Time-to-value still matters for your tech-touch customers as we mentioned earlier. What also matters is the complexity of your product. It's virtually impossible to deliver value quickly enough exclusively through technology, if your product requires more than (1) download, (2) configure, (3) use. But even if it is that simple, you'll need to take advantage of every possible technology trick to make that experience the best one possible for your customers. This is one reason so many consumer apps allow you to login using your Facebook or Google credentials. It shortens the time for a user to actually start using your product by skipping part of the setup/identification process. B2B companies have something to learn from this if only in driving the thinking about how to cut minutes out of the process.

We've also mentioned in-app guidance before, and that is highly applicable here, too. B2C products are often so simple that almost no guidance is required to get started. But B2B products, and some B2C products, are often just complex enough so that some kind of assistance is necessary to get a user through the process. Take Dropbox as an example. Far too many people have downloaded and begun to use it for there to be a team at Dropbox talking users through the process. The entire experience has to be technology driven, and it is. The website is set up for the exclusive purpose of walking you through downloading and then installing the product. Icons and messages tell you what is happening along the way, and then the first thing that happens after the install is complete is that a 10-page pdf appears in your Dropbox folder, providing instructions on how to start taking advantage of it.
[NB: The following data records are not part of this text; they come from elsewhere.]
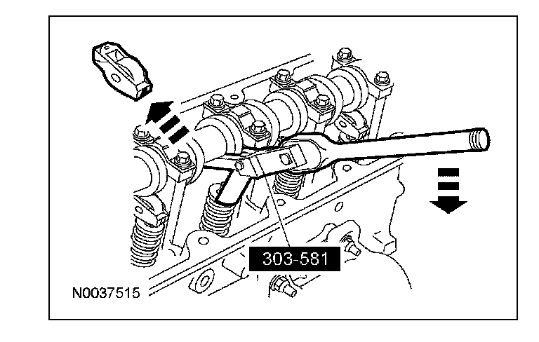 Using the special tool, compress the valve spring and remove the camshaft roller followers.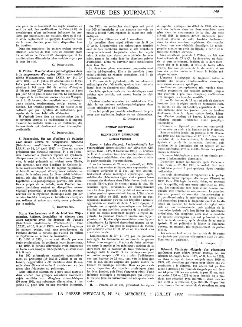 1932, Revue des journaux. -
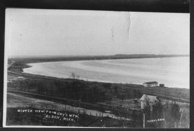 Black and white postcard of winter view of Helena Street, Alden Michigan, ca.1900
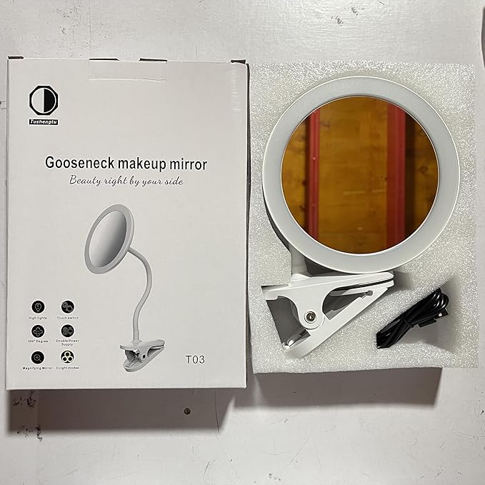 • 【24 Months After-Sales Service】 ✔️Package✔️Clip-on gooseneck makeup mirror *1, USB Cable *1. TUSHENGTU has strict quality inspection. We provide 24 months after-sales service. Please contact customer service for any problems in use. Clip on lighted makeup mirror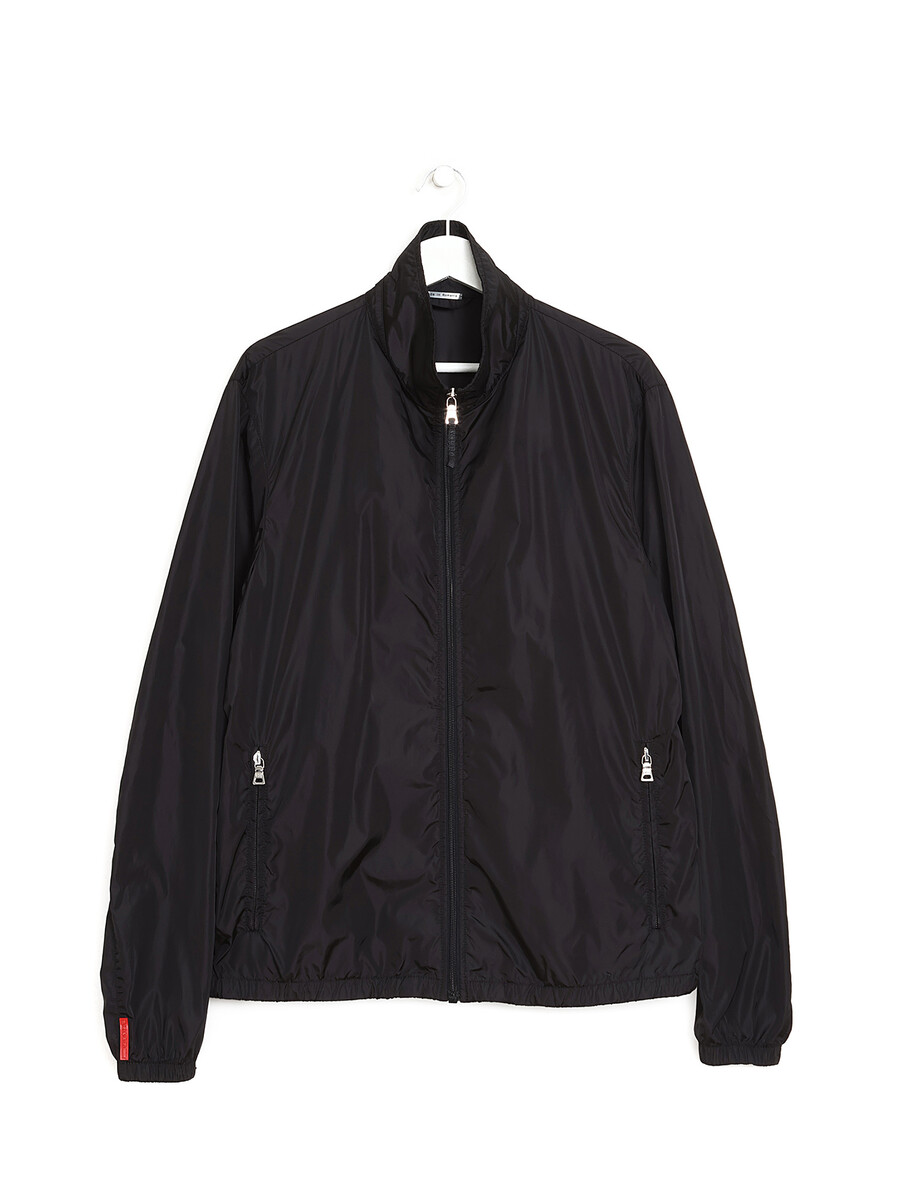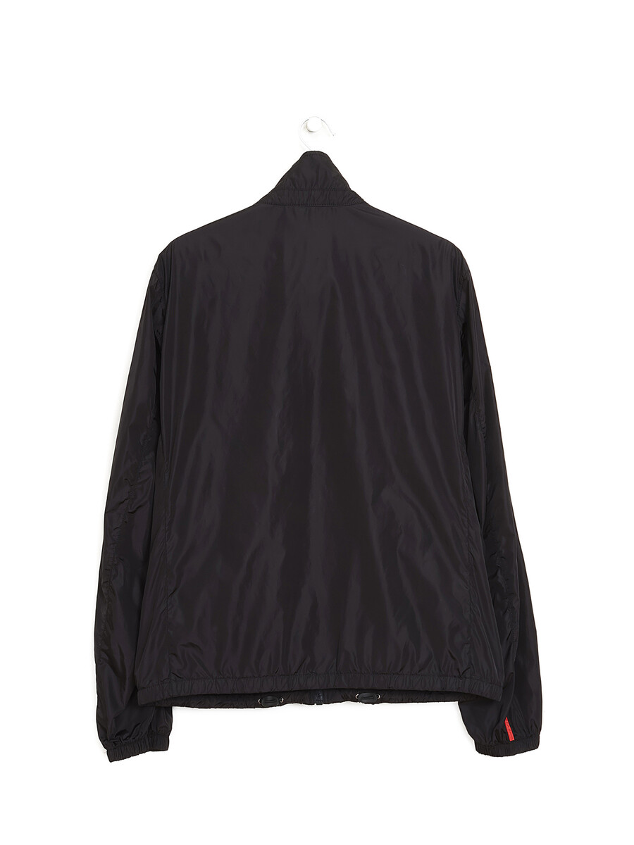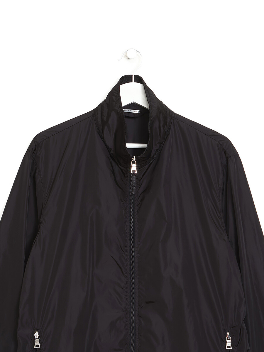 Long sleeve jacket in black. High collar. Zip closure at front. Equipped with two front pockets.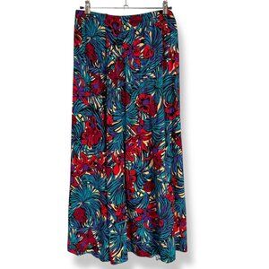 Vintage Skirt Tropical Floral Elastic Waistband Blue Red Eclectic Maximalist 80s

As that's happening, there's also an encouragement on the screen to move your first file into Dropbox. This five-minute experience explains everything we've discussed in this chapter: easy on-screen or in-app guidance to download and then install and, very importantly, pushing you to actually upload your first file. It's clear that the time-to-value clock for Dropbox continues to tick until the first file is uploaded. It doesn't stop when the download or the install is completed.

Obsess about time-to-value. You'll never be sorry you did, regardless of the type of product you deliver or the kind of customers who use it. It's on your critical path to success for your customers.